Records provided Block Start
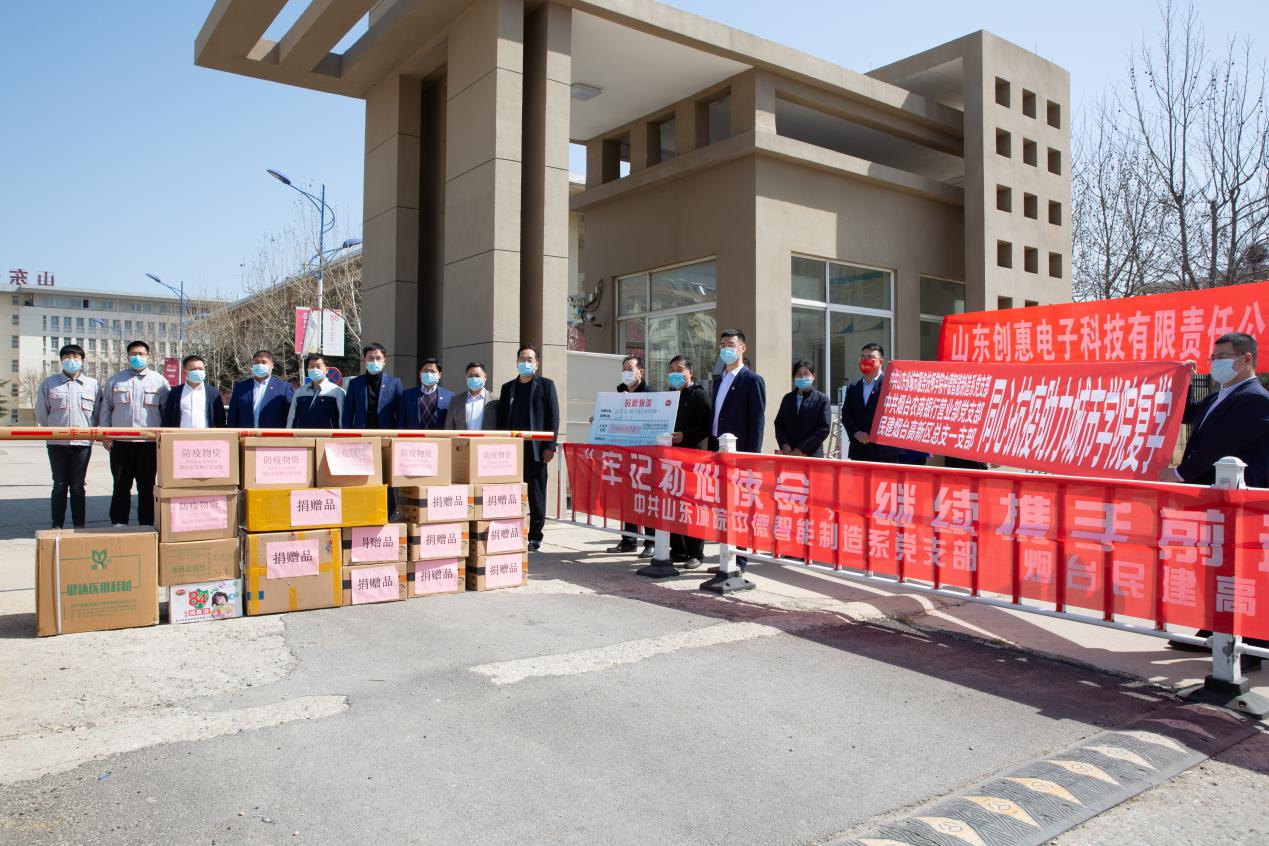 煙臺民建高新區(qū)總支一支部主委、山東創(chuàng)惠電子科技有限公司董事長高廣順代表民建煙臺高新區(qū)總支一支部向省城市學(xué)院捐贈防疫物資。
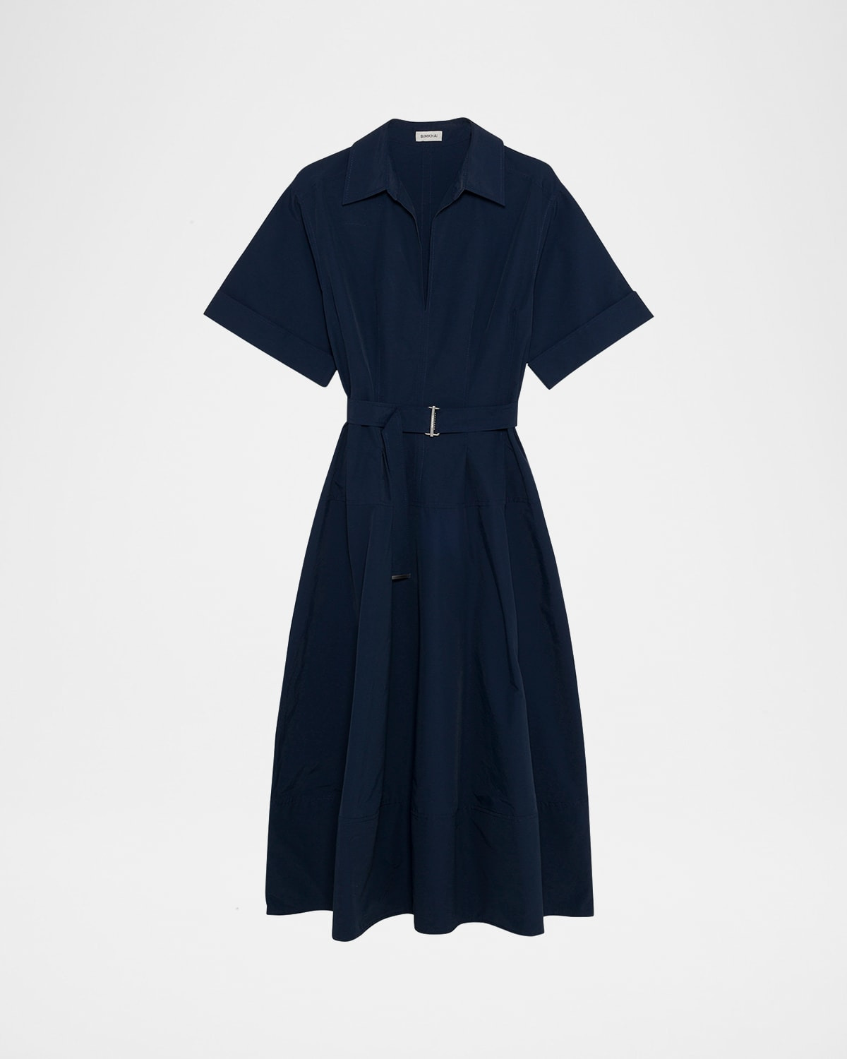 - SIMKHAI "Deanna" midi dress featuring a belted waist - Point collar; V neckline - Short cuffed sleeves - Side seam pockets - A-line silhouette - Hem falls below the knee - Slipover style - Cotton/nylon/polyamide - Dry clean - Imported
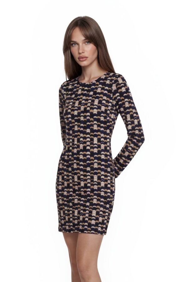 Julie Brown NYC Shift Dress Women's Size Large Navy Blue Geometric Long Sleeves
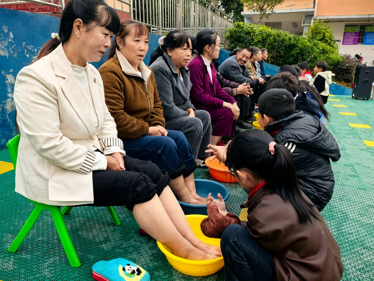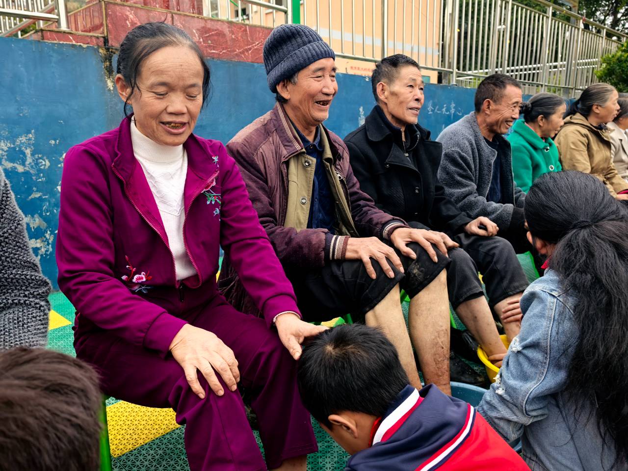 水雾氤氲中,一双双小手轻轻搓洗着布满老茧的脚,也揉开了岁月沉积的辛劳。这些常年弯腰劳作的双脚,今天被捧在手心里呵护。
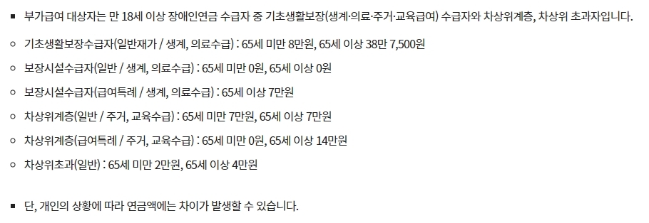 - 부가급여는 장애로 인해 추가로 드는 비용을 지원해 주기위한 급여로 추가 지출비용 보전 성격의 연금입니다. 장애로 인한 추가 지출비용 보전 성격이기애 부부감액과 초과분 감액이 적용되지 않습니다.
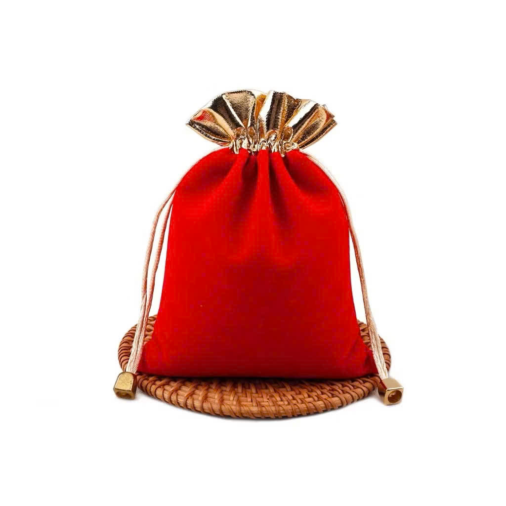 Túi nhung đỏ sang trọng đi kèm: may mắn dùng để đựng xu hoặc vật phẩm phong thủy, chất liệu túi bằng nhung đỏ, phần miệng túi bằng gấm màu vàng được phủ bằng kim tuyến màu vàng. Bên trong túi gấm chứa sản phẩm hình ông thần tài màu vàng, được bọc bảo vệ trong một lớp nhựa arylic.
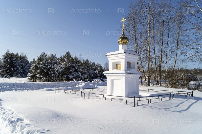 Бланширующая часовня с золотым куполом и крестом на фоне дерева
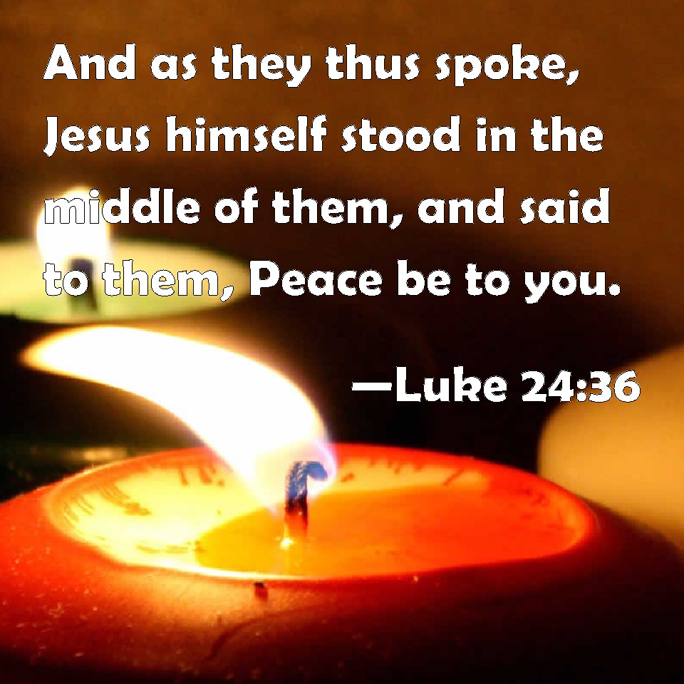 Choose a Background Luke 24:36 And as they thus spoke, Jesus himself stood in the middle of them, and said to them, Peace be to you. KJV: And as they thus spake, Jesus himself stood in the midst of them, and saith unto them, Peace be unto you. DRB: Now whilst they were speaking these things, Jesus stood in the midst of them, and saith to them: Peace be to you; it is I, fear not. DBT: And as they were saying these things, he himself stood in their midst, and says to them, Peace be unto you. ERV: And as they spake these things, he himself stood in the midst of them, and saith unto them, Peace be unto you. WBT: And as they were thus speaking, Jesus himself stood in the midst of them, and saith to them, Peace be to you. WEB: As they said these things, Jesus himself stood among them, and said to them, "Peace be to you." YLT: and as they are speaking these things, Jesus himself stood in the midst of them, and saith to them, 'Peace — to you;'Links Luke 24:36 NIV • Luke 24:36 NLT • Luke 24:36 ESV • Luke 24:36 NASB • Luke 24:36 KJV • Luke 24:36 Interlinear • Luke 24:36 Commentaries • Luke 24:36 Parallel Texts • Luke 24:36 Bible Apps • Luke 24:36 Parallel • Bible Hub |
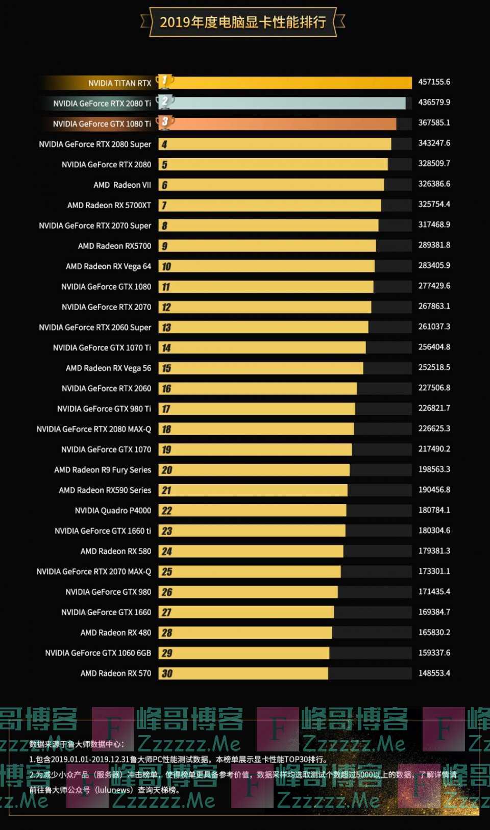 显卡性能榜排行数据来源于2019.01.01-2019.12.31,为减少小众产品(服务器)冲击榜单,使得榜单更具备参考价值,数据采样均选取测试个数超过5000以上的数据。
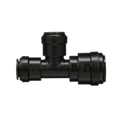 This 22 MM x 15 MM x 15 MM AquaLock(TM) metric reducing tee works with copper, CPVC, PEX, and CTS rated pipe. It is easy to install, no tools or tube inserts are required. The fitting can be used for hot and cold water applications. The unique O-ring guide feature provides a zero-leak connection. Unlike barb fittings, this fitting joins the tubing on the outside, increasing the flow capacity. After a connection has been made even under maximum pressure, the tubing is able to swivel, making the fitting ideal for vibrating and dynamic applications. Available in bulk quantities as contractor pack.
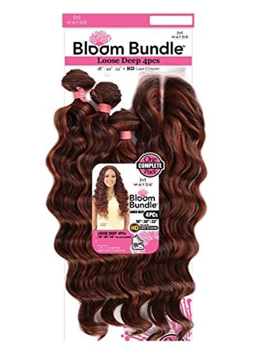 Mayde Beauty Bloom Bundle LOOSE DEEP 4PCS 18" 20" 22" with HD Lace Closure
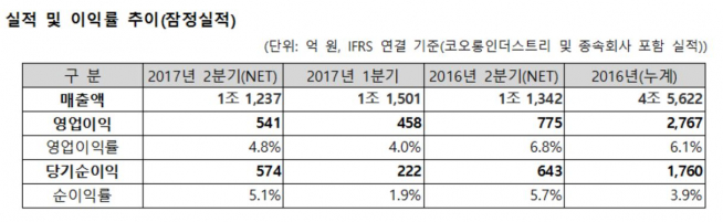 지난해 같은 기간과 비교해서는 납사 가격의 상승과 패션부문의 내수 부진, 환율 영향 등으로 수익성이 낮아졌으나, 지난 1분기보다는 전반적으로 수익성이 개선되는 모습을 보였다. 특히 외환 관련 이익 증가에 따른 기타손익 개선과 지분법이익 증가로 법인세비용차감전순이익과 및 분기순이익이 전분기 대비 큰 폭으로 상승했다.
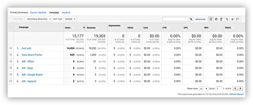 Mais dans cette capture d'écran suivante, vous pouvez voir le même rapport d'analyse des coûts avec des données complètes sur les coûts des différentes campagnes publicitaires.
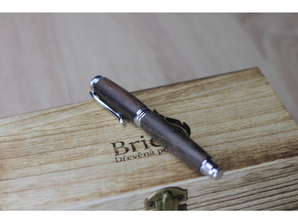 Sofistikovaný design – Spojení přírodního ebenového dřeva a stříbrných detailů dodává peru luxusní a nadčasový charakter.
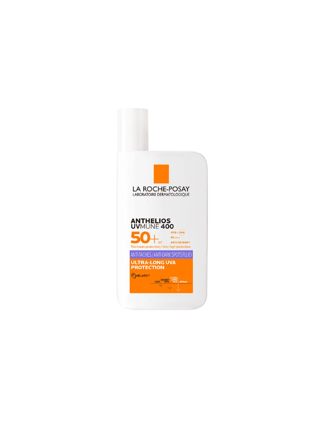 La Roche-Posay Anthelios UVmune 400 Fluide Anti-Taches SPF 50+ Sans Parfum 50 ml est un produit qui filtre les rayons UV et convient à tous les types de peaux.
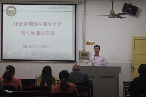 2014年11月20日下午,理学院在3教学楼305多媒体教室开展了一次青年教师公开课活动,活动由李辉勇副院长主持,周智和肖峰老师主讲,全体教师参加了活动。周智和肖峰老师分别讲授了《不饱和烃的亲电加成反应》和《抽样方法和样本可能数目》。随后,资深老师对他们的授课进行了点评,指出他们精神饱满,教态自然,基本功扎实,内容丰富,教学方法运用恰当,教学水平有了很大的进步,并针对他们教学上的一些不足,结合自己多年的教学经验给两位老师提出了很好的建议。点评后全体与会老师就如何上好课进行了热烈的讨论。此次青年教师公开课是理学院让青春燃烧在课堂上主题活动的一部分,目的是为了加强教师之间的相互交流、相互学习、取长补短,不断提升青年教师教育教学水平,从而进一步提高学院整体的教学水平。
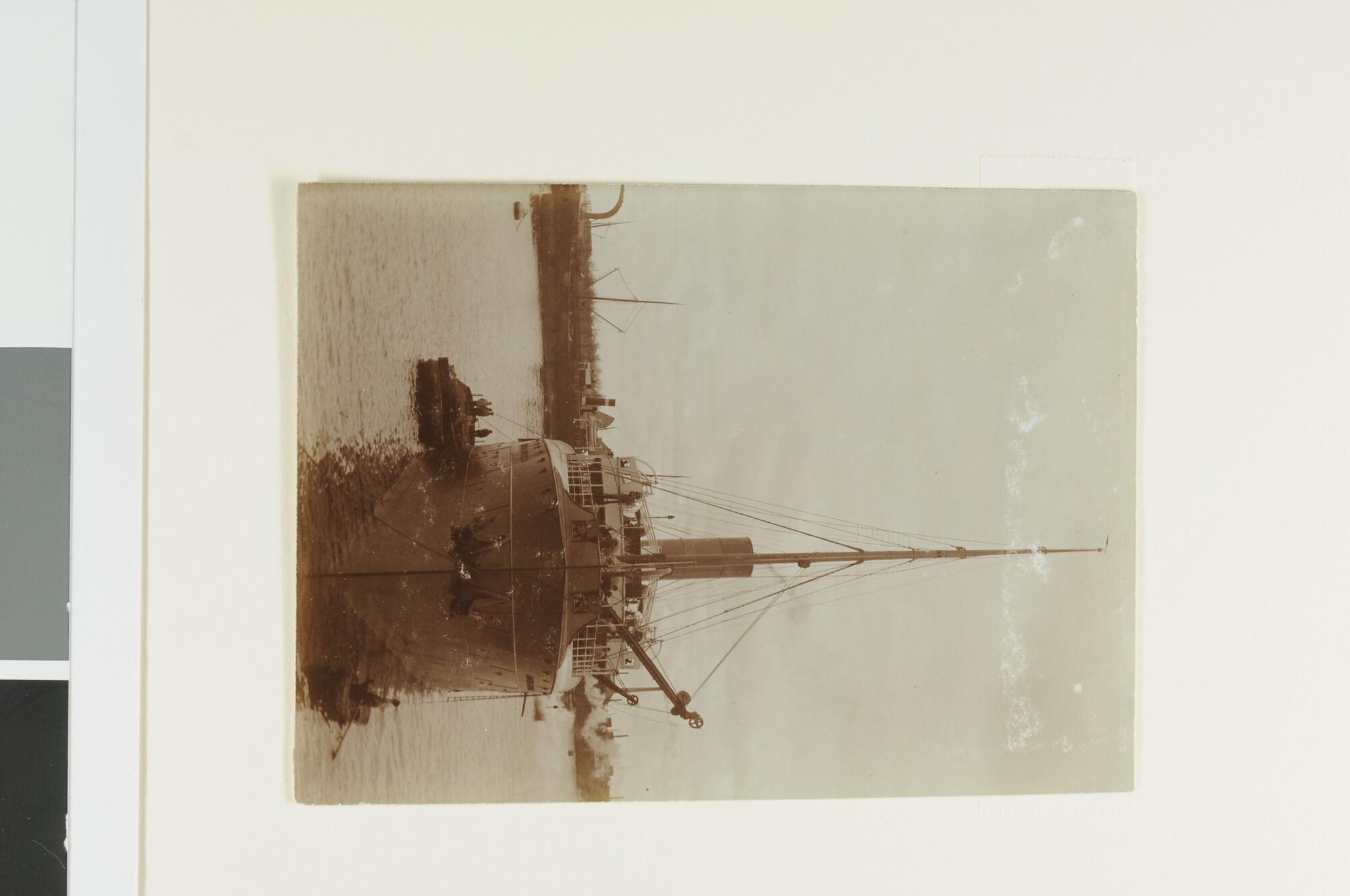 Het mailschip ss. Koning Willem I van de Stoomvaart-Maatschappij Nederland (SMN) afgemeerd op het IJ te Amsterdam, vooraanzicht.
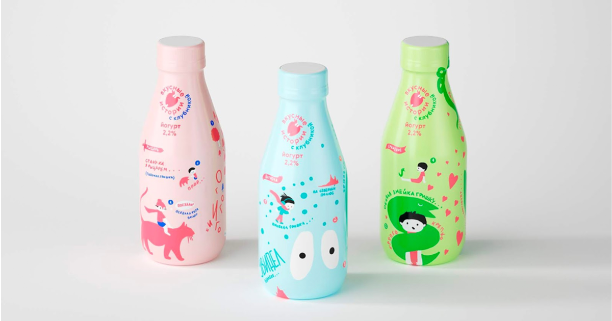 кормление ребенка веселой игрой с помощью бутылочки йогурта со сказкой про
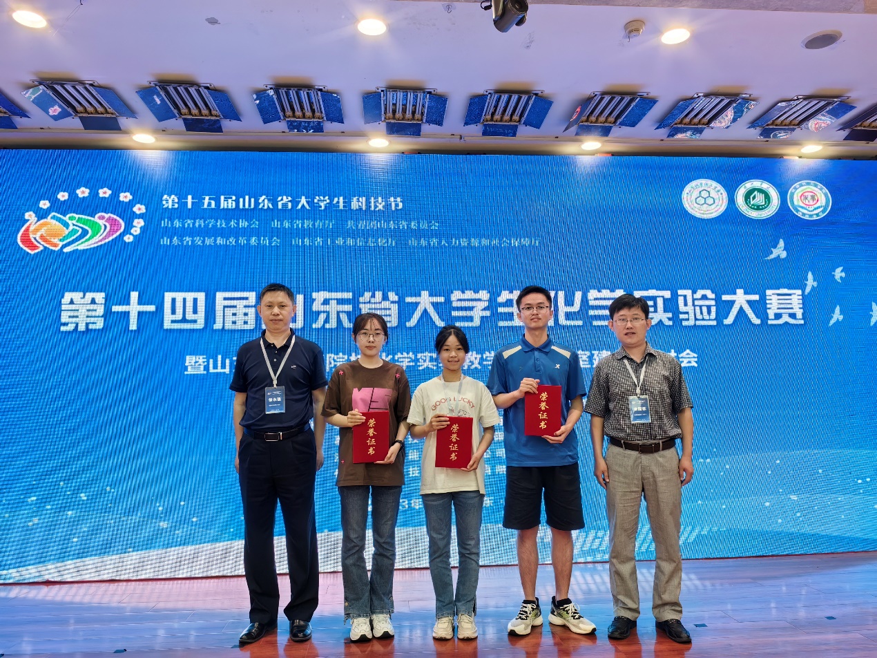 2023年07月12-15日,第十四届山东省老员工化学实验大赛暨山东省高等院校化学实验教学与实验室建设研讨会在德州学院举行,威廉希尔体育(华东)派出20级化学专业3名本科生参加本次比赛,取得了2个一等奖、1个二等奖的优异成绩,其中谷超越、魏莉获得一等奖,李锋获得二等奖。
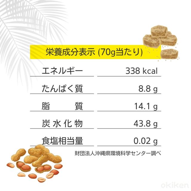 《 おすすめの楽しみ方 》 ● 定番のお茶請けに さんぴん茶はもちろん、コーヒーや紅茶との相性も抜群です。 ● お酒のお供に 泡盛やウイスキーなど、度数の強いお酒の最高のアテになります。 ● 砕いてトッピングに 袋の上から砕いてアイスやヨーグルトへ。ガリガリ食感が最高のアクセントに! |
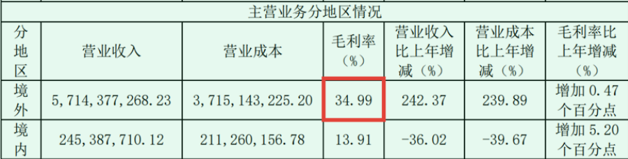 2022年,首航储能产品在海外部分的毛利率的确很高,达到47.28%(见表10)。而主业为户储的派能科技,2022年度其产品在境外市场的毛利率为34.99%(见表11)。虽然派能的毛利率看上去低,这是因为派能在统计时包括了储能电池部分,而首航新能的毛利率高,就是储能逆变器这块业务的毛利率,并不包括储能电池。
Records provided Block End
:: Requirement ::
From the data above, return exactly the lines from the one with "Julie Brown NYC" up to and including the one with "Túi nhung đỏ". Pictures do not go in the copy.

:: Exercise solution ::
 Julie Brown NYC Shift Dress Women's Size Large Navy Blue Geometric Long Sleeves
 水雾氤氲中,一双双小手轻轻搓洗着布满老茧的脚,也揉开了岁月沉积的辛劳。这些常年弯腰劳作的双脚,今天被捧在手心里呵护。
 - 부가급여는 장애로 인해 추가로 드는 비용을 지원해 주기위한 급여로 추가 지출비용 보전 성격의 연금입니다. 장애로 인한 추가 지출비용 보전 성격이기애 부부감액과 초과분 감액이 적용되지 않습니다.
 Túi nhung đỏ sang trọng đi kèm: may mắn dùng để đựng xu hoặc vật phẩm phong thủy, chất liệu túi bằng nhung đỏ, phần miệng túi bằng gấm màu vàng được phủ bằng kim tuyến màu vàng. Bên trong túi gấm chứa sản phẩm hình ông thần tài màu vàng, được bọc bảo vệ trong một lớp nhựa arylic.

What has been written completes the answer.